Nach dieser Vorschrift kann das ausführende Luftfahrtunternehmen die Ausgleichszahlung nach Abs. 1 um 50% kürzen, wenn Fluggästen gemäß Art. 8 FluggastrechteVO eine anderweitige Beförderung zu ihrem Endziel mit einem Alternativflug angeboten wird, dessen Ankunftszeit nicht später als vier Stunden nach der planmäßigen Ankunftszeit des ursprünglich gebuchten Fluges liegt.
Zwar scheide, wie das AG Frankfurt ausgeführt hat, eine unmittelbare Anwendung des Art. 7 Abs. 2 lit. c) FluggastrechteVO auf den vorliegenden Fall bereits deswegen aus, da der streitgegenständliche Flug mit der Flug-Nr. … nicht annulliert worden sei.
Denn ein Flug könne nach der Rechtsprechung des EuGH dann nicht als annulliert qualifiziert werden, wenn er entsprechend der ursprünglichen Flugplanung, wenn auch mit Verspätung, stattfindet bzw. stattgefunden hat (vgl. EuGH, Urteil vom 19.11.2009 – C-402/07 –).
Allerdings sei Art. 7 Abs. 2 lit. c) FluggastrechteVO auf den vorliegenden Fall analog anzuwenden (anderer Ansicht AG Rüsselsheim, Urteil vom 03.04.2013 – 3 C 3301/12 –).

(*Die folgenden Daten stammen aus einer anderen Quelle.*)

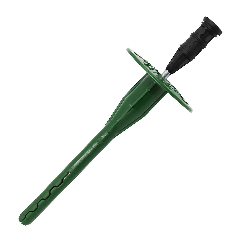 Дюбель с металлическим гвоздем с термоголовкой Daxmer IZL-T используется для крепления минваты, пенополистирола, пенопласта, прочих теплоизоляционных материалов к монолитному, шлакоблочному или кирпичному основанию. Устанавливается в предварительно высверленное отверстие при помощи молотка. Материал теплоизоляции надёжно удерживается большой цилиндрической шляпкой дюбеля, не допуская прорыва в месте крепления. Применяется для монтажа теплоизоляции в вентилируемых и оштукатуриваемых фасадах. Монтаж необходимых оснований при помощи крепежа осуществляется посредством распорного стержня, забитого в дюбель. Дюбель изготавливается из полимерных материалов, вследствие чего имеет долгий срок эффективной службы и не подвержен коррозии. Сохраняет свои свойства при низких температурах вплоть до -30 °C. Продукция прошла сертификацию и имеет Техническое свидетельство Минстроя РФ.
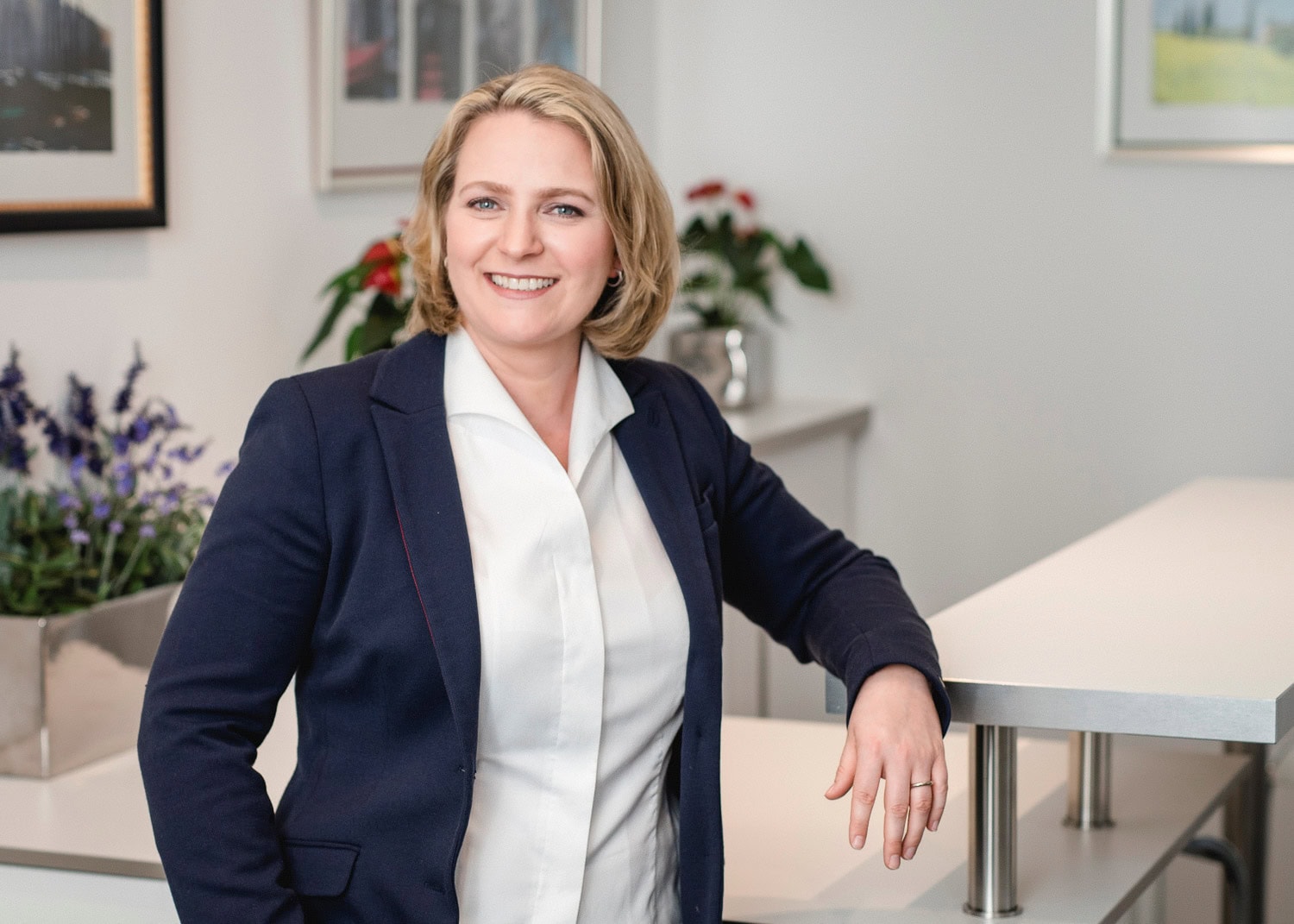 Dieses professionelle Business Porträt zeigt eine Frau in einem modernen Büro die selbstbewusst und freundlich wirkt Perfekt für Unternehmenswebseiten und Geschäftsprofile

Denn es bestehe dieselbe Interessenlage, wie in dem Fall, den der Verordnungsgeber mit Art. 7 Abs. 2 lit. c) FluggastrechteVO zu regeln beabsichtigte. Nach Sinn und Zweck dieser Vorschrift sei es dem Verordnungsgeber darum gegangen, dem ausführenden Flugunternehmen einen dahingehenden Anreiz zu setzen, dass, wenn es die tatsächliche Verspätung bei Annullierung des ursprünglichen Fluges geringer als vier Stunden hält, es die Ausgleichszahlung um 50% reduzieren könne. Dieser Sinn und Zweck lasse sich entsprechend auf den Fall der Flugverspätung von mehr als drei aber weniger als vier Stunden übertragen. Zumal es aus Sicht des Fluggastes, für den mit der FluggastrechteVO ein hohes Schutzniveau sichergestellt werden soll, keinerlei Unterschied mache, ob er mit einem anderen als dem ursprünglich geplanten oder dem gemäß der ursprünglichen Flugplanung ausgeführten Flug eine Verspätung von mehr als drei und weniger als vier Stunden erleidet.